Also, if you want to CONFIRM that rmmod/modprobe is reasonable we can do a few now...just advise the direction you want to take.

jchodera commented 9 years ago

I'll turn this over to @danielparton to find the most expedient way forward.

danielparton commented 9 years ago

Ok I'll check with Theo. The rmmod/modprob action did seem to resolve the problem previously, so I think at this point it makes sense to rmmod/modprobe all nodes - no need for further confirmation.

tatarsky commented 9 years ago

OK. Just for relatively confirmation I've slapped a reservation on gpu-1-4 and gpu-1-5 after confirming no Theo jobs are on them....reloading nvidia driver and I'll slap a property on them to test if you want.

jchodera commented 9 years ago

If Theo's jobs will be done shortly, you can just rmmod/modprobe everything. @danielparton will talk with him.

For now, it's best to remove all nodes from the gpu queue just so nothing further gets scheduled.

tatarsky commented 9 years ago

I don't believe there is a concept of "remove all nodes from the gpu queue". Its a queue based on the batch queue as far as I can see in the Torque config (need nodes batch).

I'm adding reservations for the gpu resources not in use by Theo and confirming if I disable the gpu queue that it leaves his jobs alone .

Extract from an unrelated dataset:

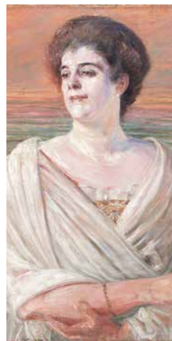
Jacek Malczewski, „Portret dany na ile morza”

Interesującym dopełnieniem ekspozycji są portrety kapitańskie, czyli realistyczne przedstawienia statków, malowane na zamówienie armatorów jako m.in. podarunki dla szczególnie zasłużonych kapitanów. (WS)

As I'm not 100% sure I'm err'ing on the side of extreme caution.

danielparton commented 9 years ago

Theo's not in - will email him. I believe the NIPS deadline is Fri Jun 5. If it's important for Theo to keep his jobs running until then, I suggest we wait until then to complete the driver reloads.

The errors I am experiencing with my simulations are sufficiently rare that I should be able to proceed for now without too much trouble.

tatarsky commented 9 years ago

Well, I'm basically half way to the "staged" method already and willing to just do the little extra work to make things move along.

Do me a favor and see if you can request the property "gpureload" and have success with those reloaded nodes. If I could add gpu-1-9 back into the pool that would be three of them. (gpu-1-4 and gpu-1-5 are reloaded and online)

tatarsky commented 9 years ago

You might mention I noted two of his jobs exit after hitting the walltime limit. Another is two hours away from 72 hours.

danielparton commented 9 years ago

Sounds good - how do I request that property? -l procs=4,gpus=1:shared:gpureload?

You can add gpu-1-9 back into the queue, but maybe don't give it the gpureload property, since it has also been rebooted. Just in case.

tatarsky commented 9 years ago

It should be usable the same way as the gtxtitan/gtx680 but the above didn't seem to work. So I'm checking.

jchodera commented 9 years ago

Try using multiple -l arguments:

-l procs=4,gpus=1:shared -l gpureload

I believe that's actually equivalent to

-l procs=4 -l gpus=1:shared -l gpureload
tatarsky commented 9 years ago

This worked for me but I can't seem to get a "procs" variant to work. Attribute is set the same way we do the GPU variant attribute.

qsub -I -l nodes=1:gpus=1:shared:gpureload
danielparton commented 9 years ago

Yep, no problem - I switched to using the "nodes" argument. Seems to be working now. I submitted two 4-GPU jobs. One is running on gpu-1-4, one on gpu-1-5.

This is the argument I used:

-l nodes=1:ppn=4:gpus=4:gpureload
tatarsky commented 9 years ago

OK. Cool. Lets see how those do and then I can just roll down the line....how long will those take to confirm?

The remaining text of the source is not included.